Your instructions: From the material below, return exactly the lines starting at the one that holds "MISIA(アーティスト) mudef Ambassador" and ending at the one that holds "Karşı köşe ilk bakkalın yeri idi". Pictures stay out of the answer.

Records to process:
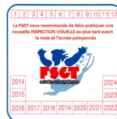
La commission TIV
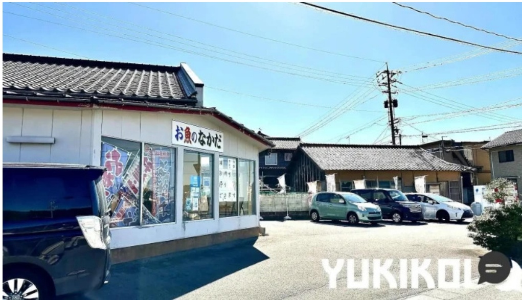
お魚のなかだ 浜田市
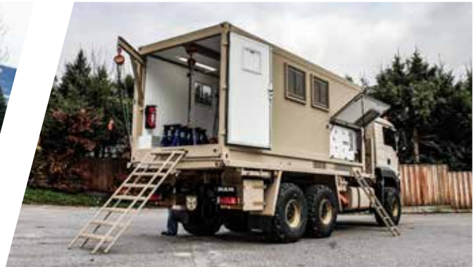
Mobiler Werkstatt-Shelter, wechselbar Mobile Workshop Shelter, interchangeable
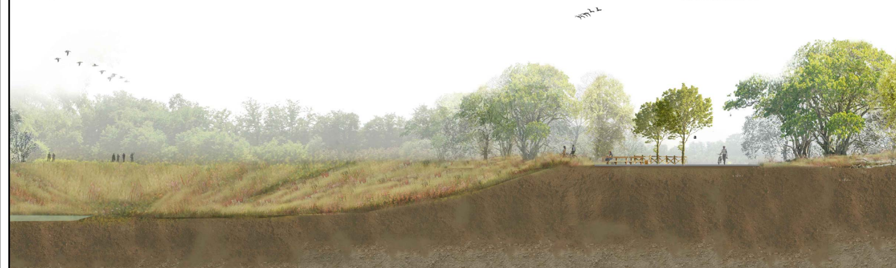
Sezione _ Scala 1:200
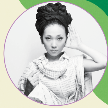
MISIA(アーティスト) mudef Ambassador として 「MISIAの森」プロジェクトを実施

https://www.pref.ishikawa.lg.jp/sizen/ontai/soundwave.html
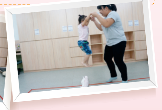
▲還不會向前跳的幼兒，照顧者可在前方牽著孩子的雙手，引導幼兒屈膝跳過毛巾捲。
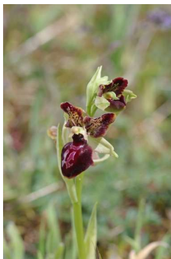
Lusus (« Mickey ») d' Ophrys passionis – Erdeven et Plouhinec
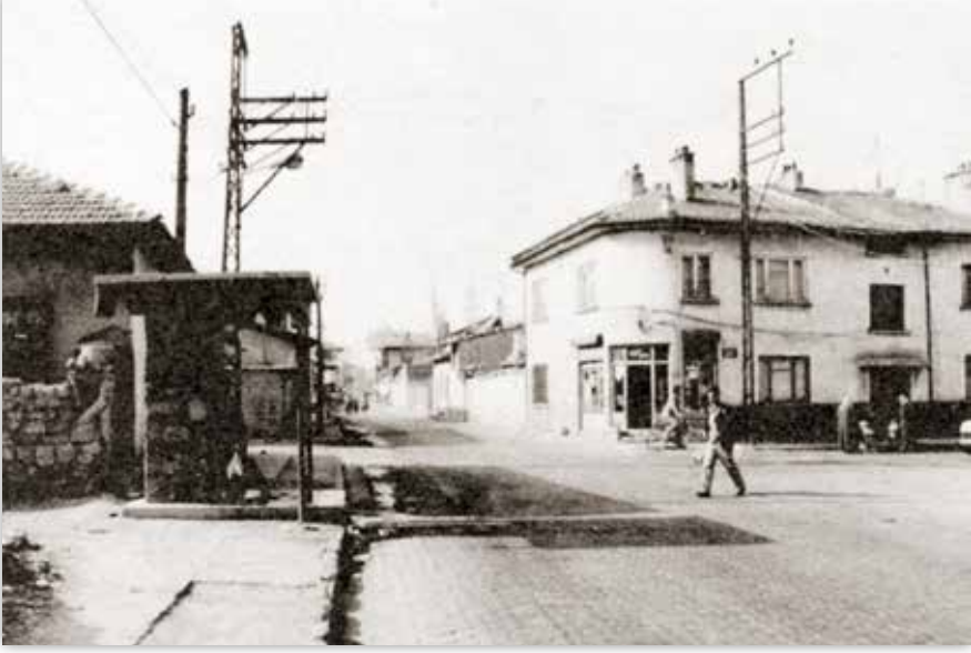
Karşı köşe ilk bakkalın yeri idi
...
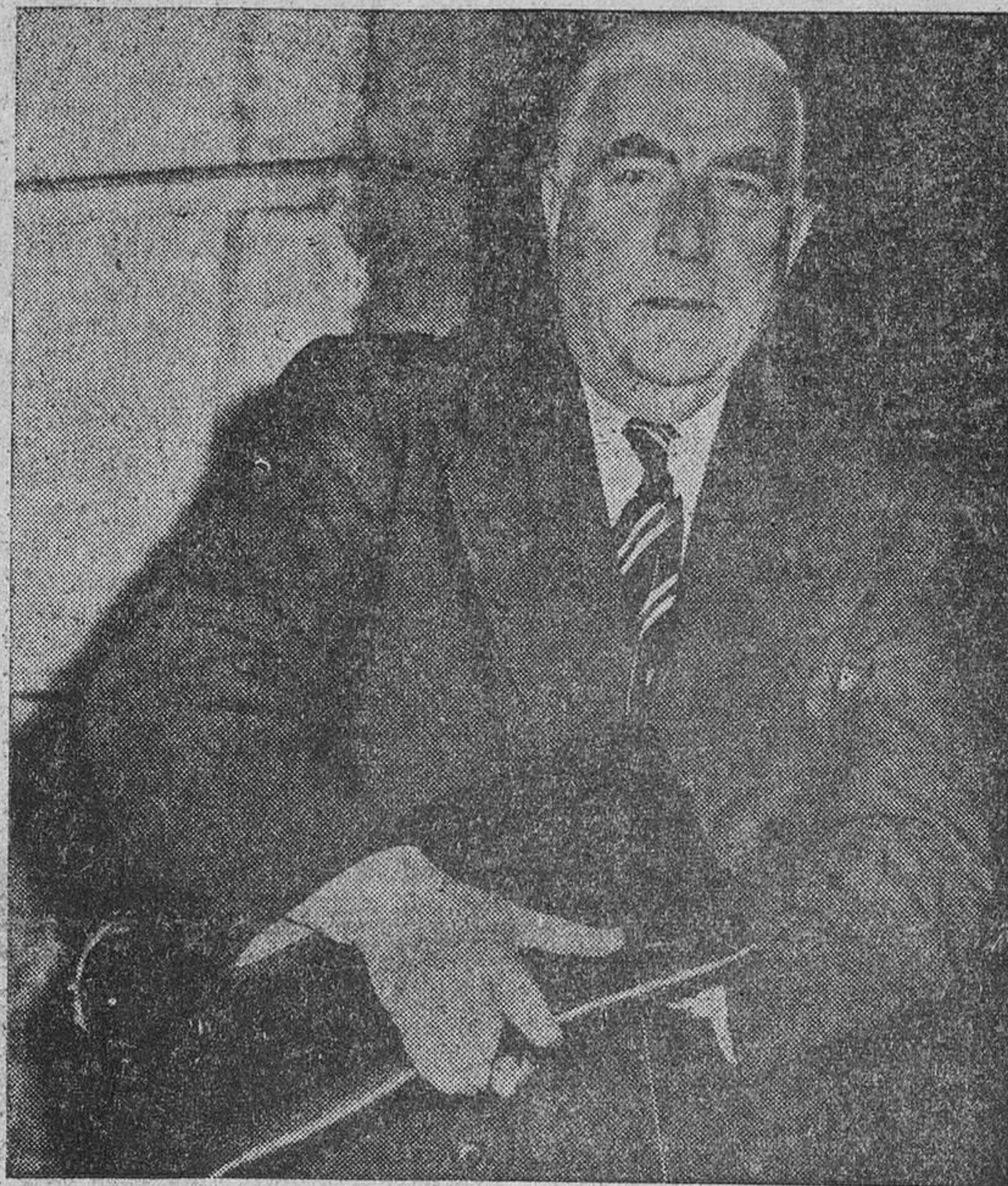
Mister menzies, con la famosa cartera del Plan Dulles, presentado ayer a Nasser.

Finished task:
MISIA(アーティスト) mudef Ambassador として 「MISIAの森」プロジェクトを実施

https://www.pref.ishikawa.lg.jp/sizen/ontai/soundwave.html
▲還不會向前跳的幼兒，照顧者可在前方牽著孩子的雙手，引導幼兒屈膝跳過毛巾捲。
Lusus (« Mickey ») d' Ophrys passionis – Erdeven et Plouhinec
Karşı köşe ilk bakkalın yeri idi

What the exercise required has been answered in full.